Did Van Gogh Paint This?
By Andrew Hall
This image shows electromagnetic forces in the Orion Nebula. The dark red areas indicate high energy in the star forming regions.
It’s hard to believe, but mainstream science still does not acknowledge these forces have anything to do with making stars or planets. It’s all gravity to them.
That leaves planetary scientists with some hard questions to deal with. Every planet they fly past shows features they struggle to explain. Let’s examine some of them to understand the problem.
Craters… they just don’t look like they should.
The standard theory says there was a period of crazy pinball during the solar system’s history when the planets and moons were bombed with asteroids.
According to physics 101, asteroids had to slam into the planets and moons from all angles, with an average impact angle around 45 degrees. But look – the craters all seem to be symmetric, like the asteroids came straight down.
Left to right: Dione, Ceres and Mimas. Credit: NASA and JPL
In fact, it’s hard to find a crater in the entire solar system that looks like it hit at an oblique angle. It’s as if every meteorite hit a bull’s eye.
This may seem odd, but a high-energy impact will generally form a circular crater at almost any angle due to shock waves.
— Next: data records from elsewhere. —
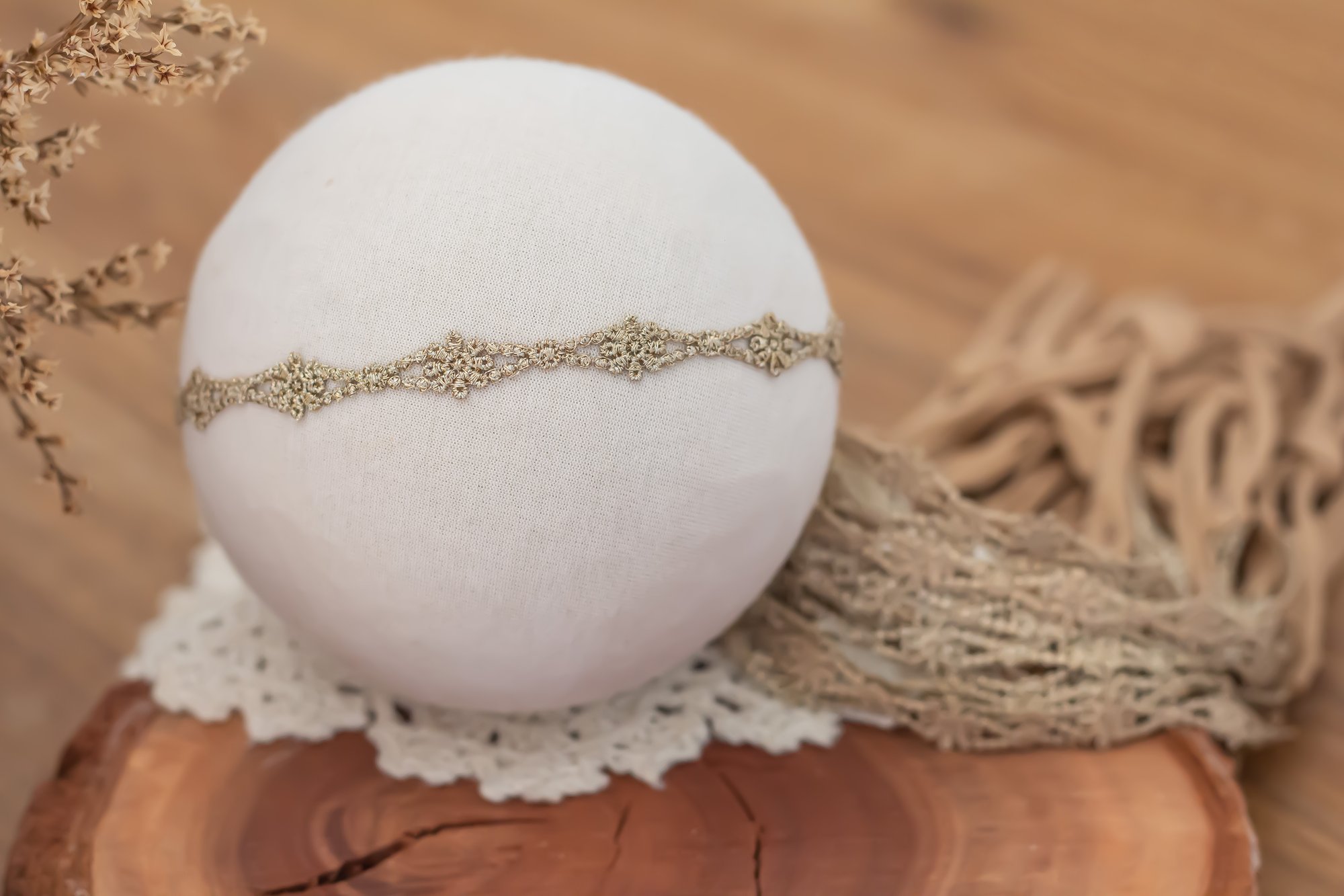 A dainty gold lace tieback with stretch ties on the ends.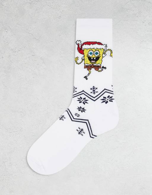 ASOS DESIGN - Chaussettes à imprimé Bob l'éponge - Blanc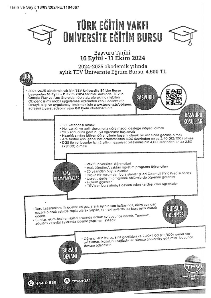 TEV Yüksek Lisans Doktora Burs Duyurusu ⇒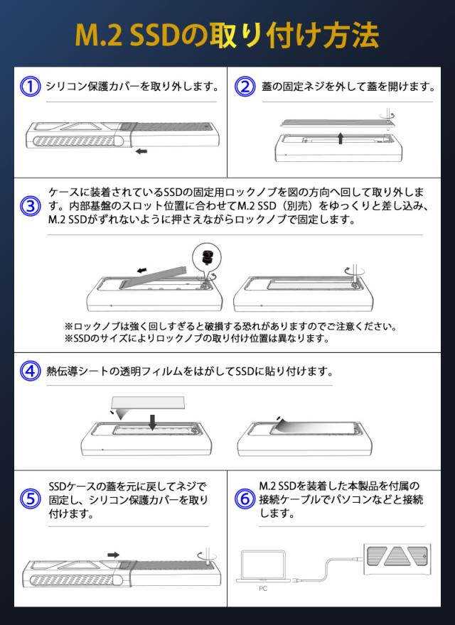 SSD 外付けケース筐体は、M.2 NVMe M Keyに適しています。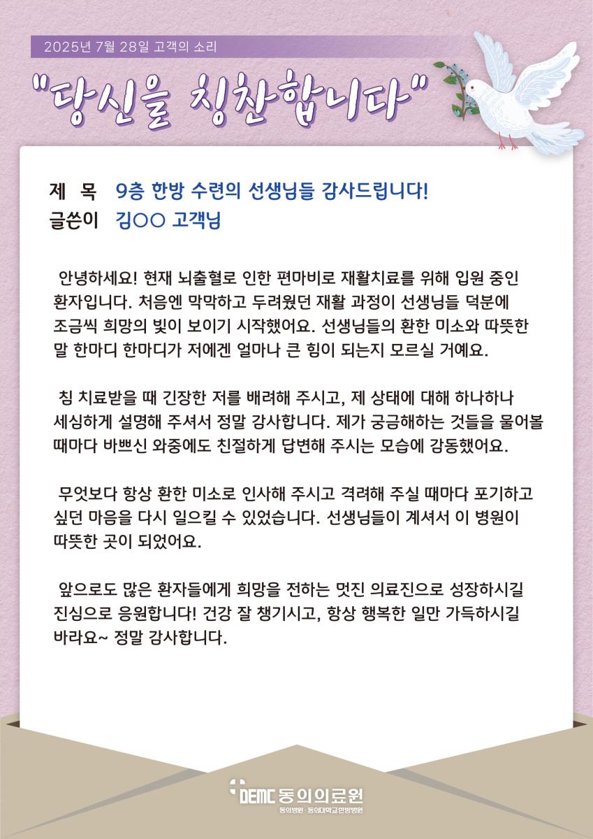9층 한방 수련의 선생님들 감사드립니다! 작성자관리자 작성일2025-08-12 조회468 이전글 2층 물리치료실 이유진 선생님 감사합니다 ^^ 다음글 2층 신경계 물리치료실 선생님들 감사합니다.
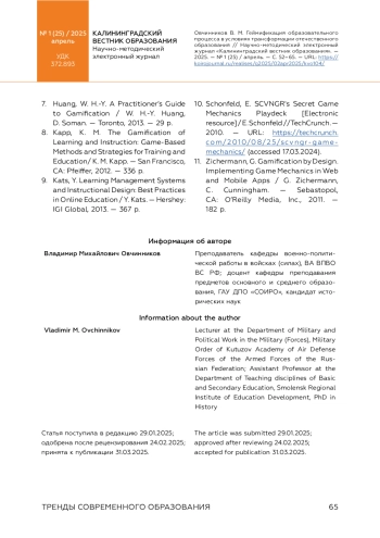 3. Орлова, О. В. Геймификация как способ организации обучения / О. В. Орлова, В. Н. Титова // Вестник Томского государственного педагогического университета. - 2015. - № 9 (162). - С. 60-64. EDN: ULYZOZ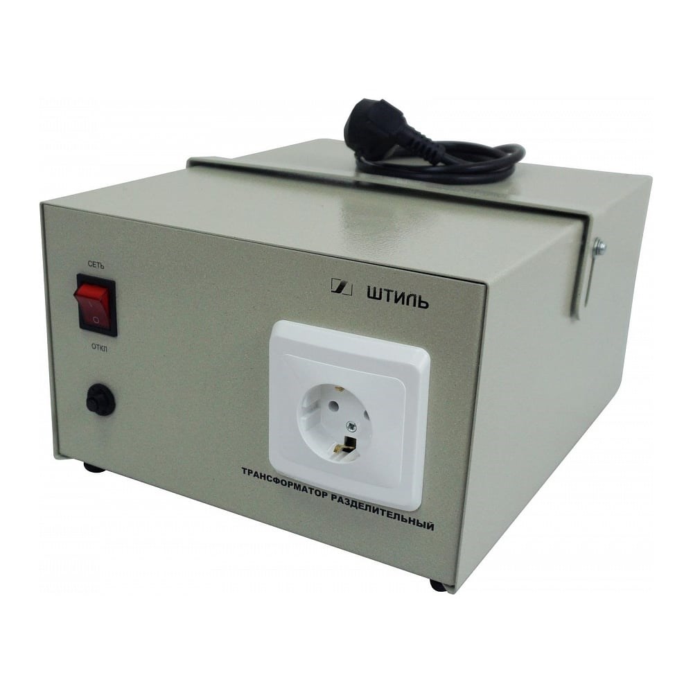 Трансформатор Штиль U вход 230 220, в корпусе ОСЗМ Р 220/220-2,0-50 представляет собой однофазный разделительный трансформатор в корпусе, предназначенный для электропитания приборов, инструментов, аппаратуры и устройств переменным током напряжением 220 (230) В, от стандартной электросети с напряжением 220 (230) В, при обеспечении гальванической развязки цепей питания нагрузки от электросети. Первичная и вторичные обмотки разделительного трансформатора не имеют гальванической связи и разделены экранирующей обмоткой, поэтому разделительный трансформатор выполняет также функцию фильтра импульсных помех, возникающих в питающей сети. Основным назначением изделия является повышение уровня безопасности работающих электрических приборов, соответственно - снижение уровня электротравматизма. Изделие может работать совместно со стабилизаторами напряжения и источниками бесперебойного питания переменного тока. Изделие состоит из следующих основных частей: металлический корпус, трансформатора разделительного на тороидальном сердечнике, выключатель «СЕТЬ», автомат защиты (для защиты изделия и подключённой к нему нагрузки от превышения потребляемого тока), сетевой шнур с евровилкой.

In fact, the crater is typically on the order of ten times the diameter of the meteor, so the shape of the crater is almost wholly a relic of the shock waves. The meteor itself may only penetrate as far as its diameter before it shatters and much of it is vaporized by the shock of the impact.
I sometimes see ‘circular-direct hit improbability’ claimed as evidence for electrical discharge formed craters in support of EU Theory. On this point it would be wrong. It is well established even in laboratory tests that impact shock waves produce a circular form, as well as many other features that can also be formed by electrical discharge.
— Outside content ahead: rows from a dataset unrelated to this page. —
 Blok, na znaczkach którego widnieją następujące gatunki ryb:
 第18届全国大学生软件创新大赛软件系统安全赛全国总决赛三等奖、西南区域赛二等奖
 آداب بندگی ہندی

The differences are subtle. Let’s take a look at the current understanding of the morphology of an impact crater.
Impact craters are primarily excavated by shock waves created in the enormous impact as the waves rebound from the deeper substrate and interact with the free surface. Essentially, the planetary surface is spauled by the shock waves.
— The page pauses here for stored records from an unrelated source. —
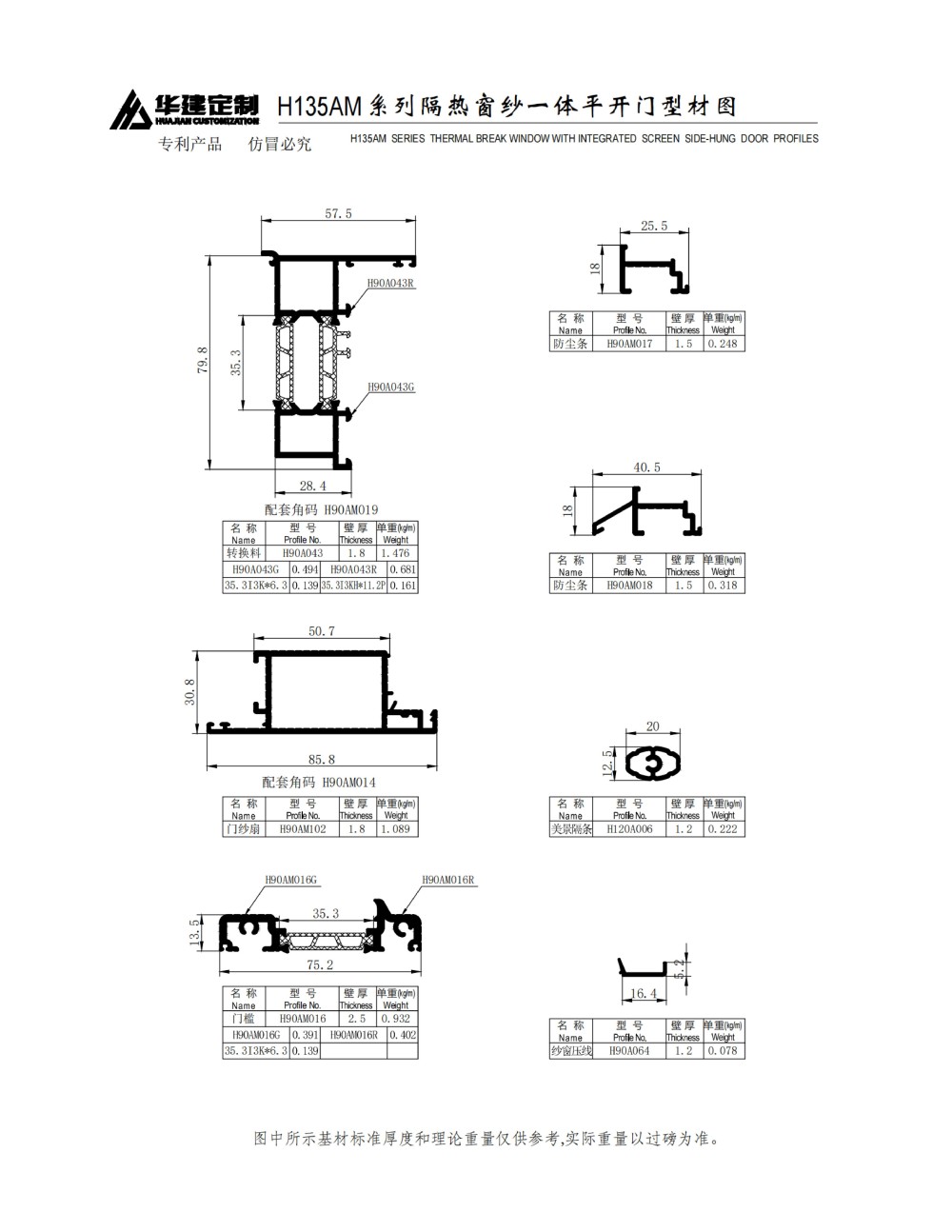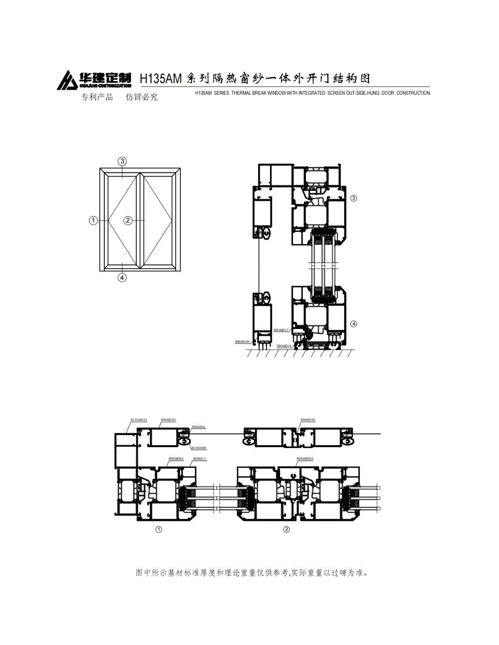 Huajian Customization - H135AM Window Screen Integrated Flat Door Series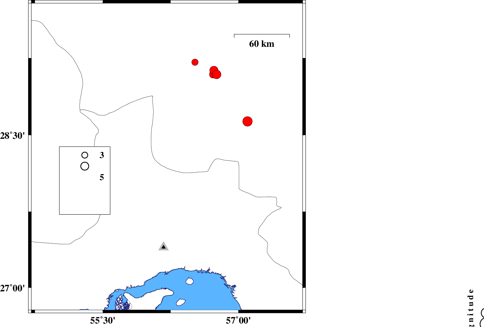 2011/03/14 07:55:09.8 11:25:09.8 27.756.7925 ML:4.8 Hormozgan Province, 54 km North-West of Dehbarez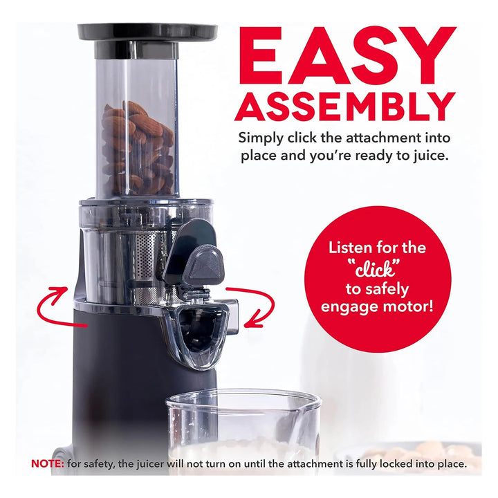 ¿Cansado de perder tiempo y dinero en jugos procesados llenos de conservantes? Este exprimidor compacto y elegante no solo ahorra espacio en tu cocina, sino que también te permite crear jugos, sorbetes y hasta leches vegetales en casa, con ingredientes 100% naturales. Su motor silencioso de 130W trabaja sin esfuerzo, mientras tú disfrutas de sabores intensos y texturas suaves, libres de pulpa no deseada.

Craters are classified as simple or complex. The complex patterns are associated with larger craters and the simple for smaller – the diameter of the transition to complex varies with planetary size and morphology. Distinguishing features of complex craters include central uplift hills and rings, and concentric collapse zones. The diagrams below describe the impact crater formation for both simple and complex.
Left: simple crater formation; right: complex crater formation.
Credit: David A. Kring, NASA Univ. of Arizona Space Imagery Center, 2006.
There is much debate about the formation of these features in impact craters. What geologists know about them has primarily been learned by examining ancient craters here on Earth, where eons of erosion and geological transformations have confused the evidence. The most studied crater is the simple structured, mile wide Barrington crater in Northern Arizona, which is believed to have arrived a mere fifty thousand years ago.
The reigning theory for complex craters suggests liquefaction in the shock region is responsible for the formation of the central peak and other features. In simple terms, the ground deforms like it was made of pudding. The impacted ground deforms to the impact plastically at first, until pressures force it into a liquid flow which results in the rebounding central peak and assists in the slumping and collapse of concentric rings.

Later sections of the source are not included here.